Come crittografare una VM su Azure utilizzando Key Vault e lo standard BitLocker

Microsoft Azure mette a disposizione nuovi strumenti per la sicurezza dei nostri dati. Utilizzando pochi comandi PowerShell e concetti base su Key Vault in questo articolo vedremo come crittografare il disco di una VM con lo standard BitLocker.

Prerequisiti:

  • Azure PowerShell
  • Configurazione di un Key Vault

Per soddisfare i prerequisiti potete consultare il precedente articolo https://www.ictpower.it/guide/configurare-microsoft-azure-keyvault.htm

Configurare la VM

Creiamo una nuova VM associata al resource group NewResourceGroup, che avevamo creato nel precedente articolo, utilizzando Resource Manager come modello di deployment.

Figura 1: Scelta del deployment model

Figura 2: parametri per la creazione della nuova VM

Assicuriamoci che tutte le configurazioni siano relative al resource group corretto, cioè quello dentro il quale abbiamo abilitato Key Vault.

Al termine della creazione della VM, cliccando su Disks è possibile constatare che il disco non è crittografato.

Figura 3: Verifica che il disco creato non è crittografato

Scarichiamo dal repository GitHub ufficiale di Azure lo script denominato Azure Disk Encryption Prerequisite Setup, che si occuperà di soddisfare i prerequisiti necessari.

Utilizzando PowerShell ISE, configuriamo il contesto nel quale lo script verrà eseguito con i comandi:

Login-AzureRmAccount

Set-AzureRmContext -SubscriptionId <SubscriptionID>

Eseguiamo lo script:

Figura 4: Esecuzione dello script che verifica i prerequisiti per Azure Disk Encryption

Durante l’esecuzione, lo script chiederà alcune informazioni:

  • Il resource group da utilizzare
  • Il nome di una chiave; se non presente sarà creata automaticamente
  • L’area geografica
  • Il nome di un’applicazione: questa verrà usata per scrivere il segreto nel Key Vault; se non presente, verrà anch’essa creata automaticamente.

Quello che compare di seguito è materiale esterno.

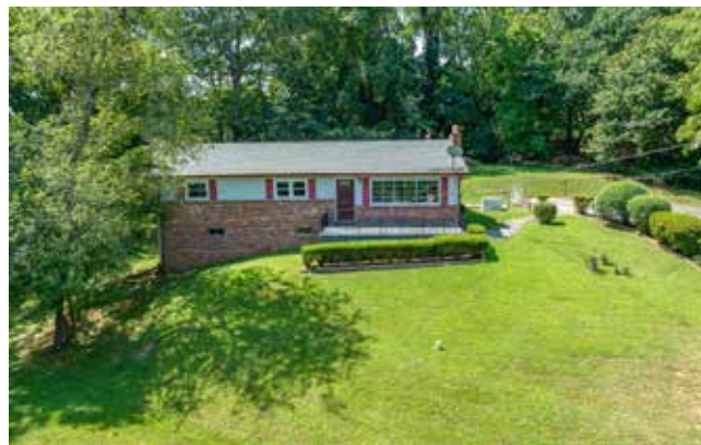
Room for ADU or a Huge Garden!

Figura 5: Inserimento dei parametri nello script di verifica

Crittografare la VM

Per crittografare la VM è necessario alcuni comandi PowerShell. Dichiariamo qual è il resource group da utilizzare e il nome della VM interessata utilizzando i comandi:

$resourceGroupName ‘NewResourceGroup’

$vmName ‘VMtestKV’

Dopo aver configurato il contesto corretto, possiamo utilizzare il seguente comando per eseguire l’azione di crittografia:

Set-AzureRmVMDiskEncryptionExtension -ResourceGroupName $resourceGroupName -VMName $vmName -AadClientID $aadClientID -AadClientSecret $aadClientSecret -DiskEncryptionKeyVaultUrl $diskEncryptionKeyVaultUrl -DiskEncryptionKeyVaultId $keyVaultResourceId -VolumeType All

Confermiamo per concludere l’operazione:

Figura 6: richiesta di conferma prima dell’abilitazione della crittografia del disco

Al termine dell’esecuzione, lo script ritorna il seguente output:

Figura 7: Crittografia del disco completata

Verificando nuovamente nei dettagli della macchina potremo constatare che l’operazione è avvenuta correttamente.

Figura 8: Il disco della VM risulta crittografato

Conclusioni

Azure fornisce diverse soluzioni in ambito crittografico e quella descritta in questo articolo è particolarmente utile soprattutto se il monitoraggio delle macchine viene effettuato tramite Azure Security Center. Inoltre, con pochi click è possibile applicare la stessa procedura agli storage account in merito a files e blob, rispettando lo standard BitLocker e aumentando la sicurezza delle nostre infrastrutture su cloud.